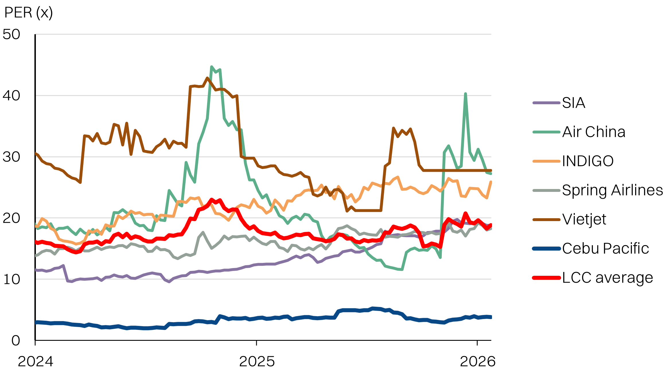 Against the post-pandemic average EV/EBITDA average for LCC’s of 7.2x, we think the -1SD of 6.5x is a fair benchmark for AAX given the highly-leveraged balance sheet. At an EV/EBITDA of 6.5x FY26E EBITDA of RM4.6bn, the implied fair value for AAX is RM3.15. It also implies a PER of 15x FY26E which is also around -1SD vs the same peer comp PER average (but including Vietjet).
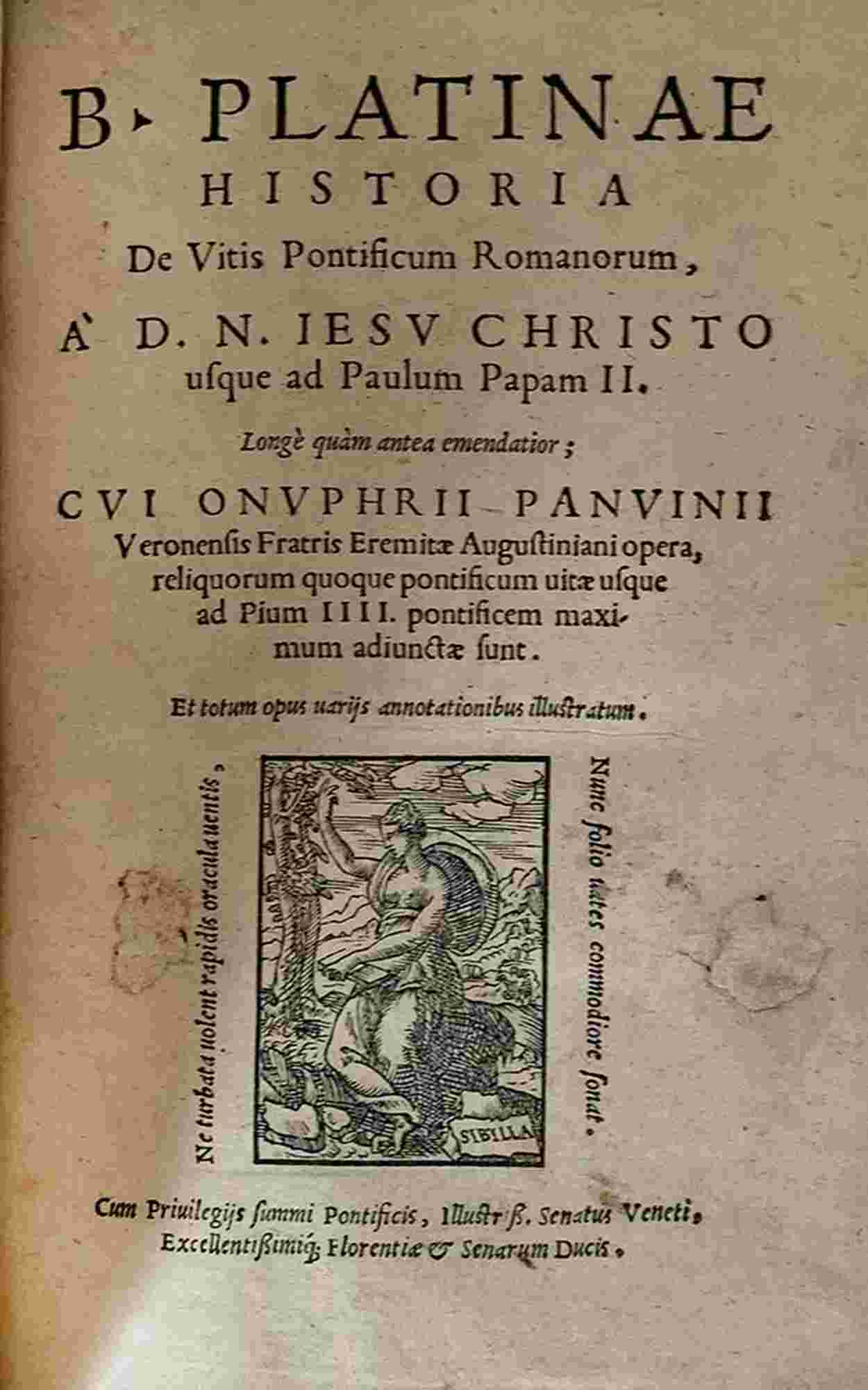 PLATINA GIOVANNI BATTISTA: Historiae De Vitis Pontificum, Venezia, Michele Tramezzinio, 1562
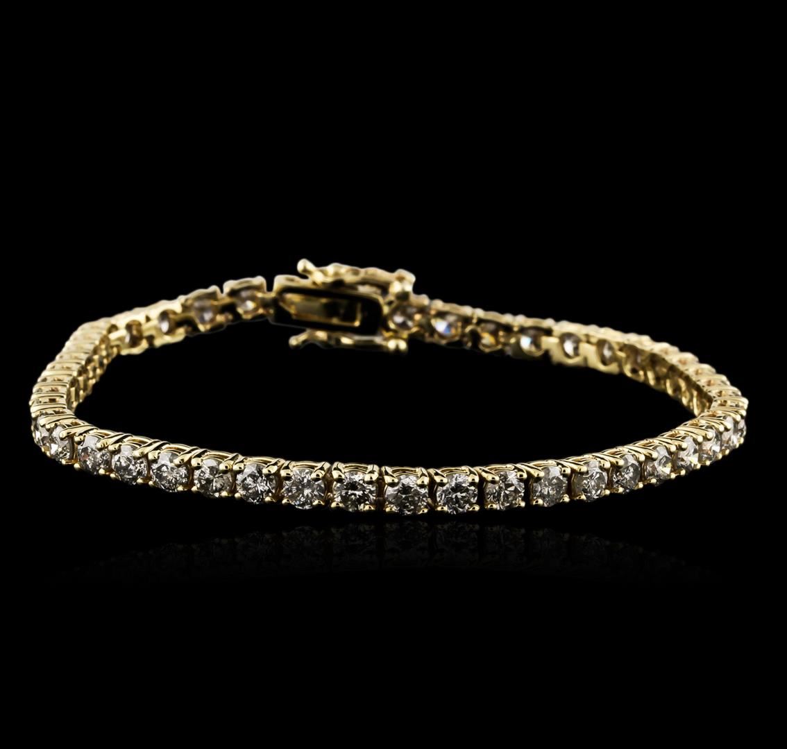 One electronically tested 14KT yellow gold ladies cast diamond tennis bracelet with a hidden box clasp with safety closer with a bright polish finish. Measurements: 7" in length Identified with markings of "14K". Condition is new. Containing: Forty-Six prong set round brilliant cut diamonds, measuring 3.10 - 3.10 x 1.86mm (depth est.) approximate total weight of 46 Stones = 5.01ct. Clarity: I-2 to I-3. Color: I - J, Cut is Good. All diamonds are graded in the mounting, unless otherwise stated. Total Weight of Diamonds 5.01ct. Total Weight of Tennis Bracelet 10.90 grams. GGL Appraised at $8,365.00.
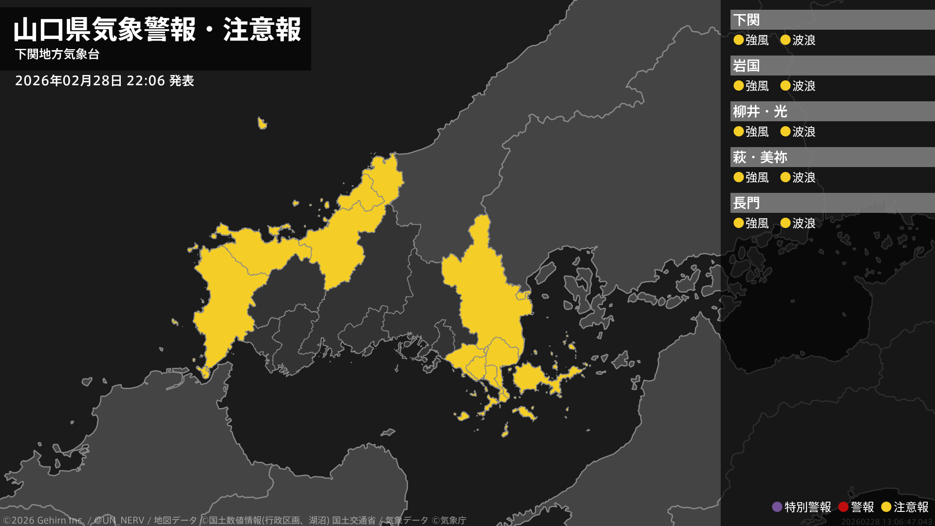 【山口県 気象警報・注意報 2026年02月28日 22:06】
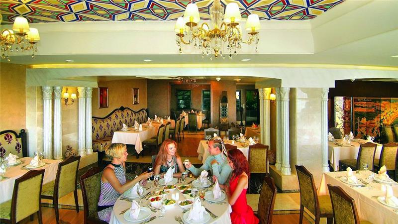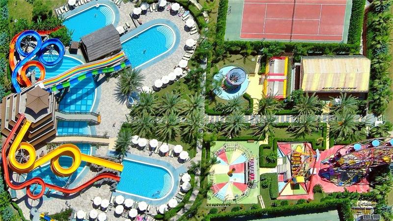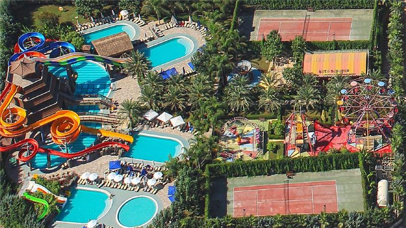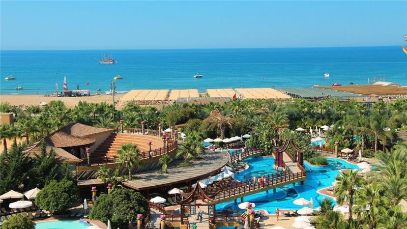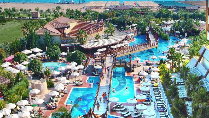 Royal Dragon hote ka nje arkitekture te vacante dhe madheshtore ne llojin e saj me nje siperfaqe prej 50000 m2 dhe eshte hapur ne Prill te vitin 2008 dhe ka mare nje sere cmimesh si : Holiday Check 2008,2010, Thomas Cook Awards 2009,Blue Flag 2010 etj. Me arkitekturen e vecante dhe me rrugica te shumta qe nga hoteli ne plazh dhe ne pishina ketu do te perjetoni nje kenaqesi dhe clodhje me panoramen e mrekullueshme nga bregu i mrekullueshem i mesdheut. Ne dispozicionin tuaj jane 564 dhoma, 408 dhoma standarte, 14 junior suite, 3 king suite, 104 duplex family dhe 35 family. Dhomat jane te pajisura me kushte moderne dhe te arreduara ne menyre luksoze dhe modern. Per pushime te paharruara hoteli ofron mbremje mahnitese show, amfiteater me kapacitet 1000 persona, kercime profesionale, muzik live, nate turke, disko, aktivitete sportive, gjimanstike, kurse kercimi, aerobi, stretching, table tenis, boccia, volejboll ne plazh, dart, lojra ne pishine, air gun, mini klub, mini futboll, mini basketboll, bowling, bilardo, slide racing, mini disko, internet kafe, fushe tenisi, banjo turke, sauna, masazhe, capsule care, trajtim fytyre dhe trupi, sherbime mjekesore doktor dhe infermiere, parukeri, shopping center per te kaluar kohen tuaj duke ju dhene kenaqesine e blerjeve. Baret dhe Restorantet: Hoteli operon me sherbimin ultra all inclusive dhe sherben ushqim dhe pije pergjate gjithe dites ne baret dhe restorantet e vena ne dispozicion me nje larmi perzgjedhjesh nga guzhina turke dhe ajo nderkombetare. Restoranti kryesor - ne te cilin sherbehet te treja vaktet ne bufe te hapur me specialitetet me mira nga guzhina turke dhe ajo nderkombatare. Snack restorant- sherbejne prodhime snack gjate gjithe dites si pizza dhe sanduic etj. Notte Bistro restorant –sherben per mengjesin e vone dhe vaktet e vona te nates.Hoteli ka 4 restorante te titpit A La Carte qe sherbejne darken tuaj nga ora 19.00-21.30 ne ambjente luksoz. Dulciena a la carte restorant – sherben prodhime te kuzhines italiane. Zen a la carte restorant- sherben darken me specialitetet me te mira nga guzhina aziatike, Firuze ala carte restorant- sherben darken me prodhimet me te mira nga kuzhina turke. Dorado a la carte restorant- sherben darken me specialitet peshku dhe prodhime deti. Lobby bar, bar ne pishine dhe ne plazh, Aqua bar, Vento snack bar, Amphi bar dhe disko bar- sherbejne te gjitha llojet e pijeve duke filluar nga ato vendase dhe te importit , te ngrohta dhe te ftohta , alkolike dhe joalkolike , embelsira dhe akullore si dhe kokteile shumengjyreshe me shije te ndryshme.
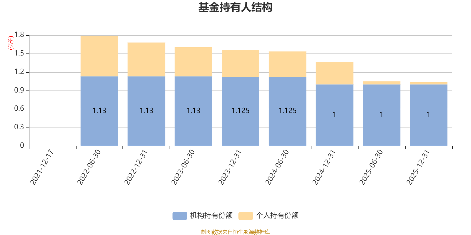 截至2025年12月31日,基金持有人共计132户,合计持有1.03亿份。其中管理人员工持有8.51万份,占比0.08%,机构持有份额占比96.62%,个人投资者占比3.38%。

---+---

Exercise
Copy the data exactly. Any picture it contains is to be omitted.

Answer box
 Against the post-pandemic average EV/EBITDA average for LCC’s of 7.2x, we think the -1SD of 6.5x is a fair benchmark for AAX given the highly-leveraged balance sheet. At an EV/EBITDA of 6.5x FY26E EBITDA of RM4.6bn, the implied fair value for AAX is RM3.15. It also implies a PER of 15x FY26E which is also around -1SD vs the same peer comp PER average (but including Vietjet).
 PLATINA GIOVANNI BATTISTA: Historiae De Vitis Pontificum, Venezia, Michele Tramezzinio, 1562
 One electronically tested 14KT yellow gold ladies cast diamond tennis bracelet with a hidden box clasp with safety closer with a bright polish finish. Measurements: 7" in length Identified with markings of "14K". Condition is new. Containing: Forty-Six prong set round brilliant cut diamonds, measuring 3.10 - 3.10 x 1.86mm (depth est.) approximate total weight of 46 Stones = 5.01ct. Clarity: I-2 to I-3. Color: I - J, Cut is Good. All diamonds are graded in the mounting, unless otherwise stated. Total Weight of Diamonds 5.01ct. Total Weight of Tennis Bracelet 10.90 grams. GGL Appraised at $8,365.00.
 【山口県 気象警報・注意報 2026年02月28日 22:06】
 Royal Dragon hote ka nje arkitekture te vacante dhe madheshtore ne llojin e saj me nje siperfaqe prej 50000 m2 dhe eshte hapur ne Prill te vitin 2008 dhe ka mare nje sere cmimesh si : Holiday Check 2008,2010, Thomas Cook Awards 2009,Blue Flag 2010 etj. Me arkitekturen e vecante dhe me rrugica te shumta qe nga hoteli ne plazh dhe ne pishina ketu do te perjetoni nje kenaqesi dhe clodhje me panoramen e mrekullueshme nga bregu i mrekullueshem i mesdheut. Ne dispozicionin tuaj jane 564 dhoma, 408 dhoma standarte, 14 junior suite, 3 king suite, 104 duplex family dhe 35 family. Dhomat jane te pajisura me kushte moderne dhe te arreduara ne menyre luksoze dhe modern. Per pushime te paharruara hoteli ofron mbremje mahnitese show, amfiteater me kapacitet 1000 persona, kercime profesionale, muzik live, nate turke, disko, aktivitete sportive, gjimanstike, kurse kercimi, aerobi, stretching, table tenis, boccia, volejboll ne plazh, dart, lojra ne pishine, air gun, mini klub, mini futboll, mini basketboll, bowling, bilardo, slide racing, mini disko, internet kafe, fushe tenisi, banjo turke, sauna, masazhe, capsule care, trajtim fytyre dhe trupi, sherbime mjekesore doktor dhe infermiere, parukeri, shopping center per te kaluar kohen tuaj duke ju dhene kenaqesine e blerjeve. Baret dhe Restorantet: Hoteli operon me sherbimin ultra all inclusive dhe sherben ushqim dhe pije pergjate gjithe dites ne baret dhe restorantet e vena ne dispozicion me nje larmi perzgjedhjesh nga guzhina turke dhe ajo nderkombetare. Restoranti kryesor - ne te cilin sherbehet te treja vaktet ne bufe te hapur me specialitetet me mira nga guzhina turke dhe ajo nderkombatare. Snack restorant- sherbejne prodhime snack gjate gjithe dites si pizza dhe sanduic etj. Notte Bistro restorant –sherben per mengjesin e vone dhe vaktet e vona te nates.Hoteli ka 4 restorante te titpit A La Carte qe sherbejne darken tuaj nga ora 19.00-21.30 ne ambjente luksoz. Dulciena a la carte restorant – sherben prodhime te kuzhines italiane. Zen a la carte restorant- sherben darken me specialitetet me te mira nga guzhina aziatike, Firuze ala carte restorant- sherben darken me prodhimet me te mira nga kuzhina turke. Dorado a la carte restorant- sherben darken me specialitet peshku dhe prodhime deti. Lobby bar, bar ne pishine dhe ne plazh, Aqua bar, Vento snack bar, Amphi bar dhe disko bar- sherbejne te gjitha llojet e pijeve duke filluar nga ato vendase dhe te importit , te ngrohta dhe te ftohta , alkolike dhe joalkolike , embelsira dhe akullore si dhe kokteile shumengjyreshe me shije te ndryshme.
 截至2025年12月31日,基金持有人共计132户,合计持有1.03亿份。其中管理人员工持有8.51万份,占比0.08%,机构持有份额占比96.62%,个人投资者占比3.38%。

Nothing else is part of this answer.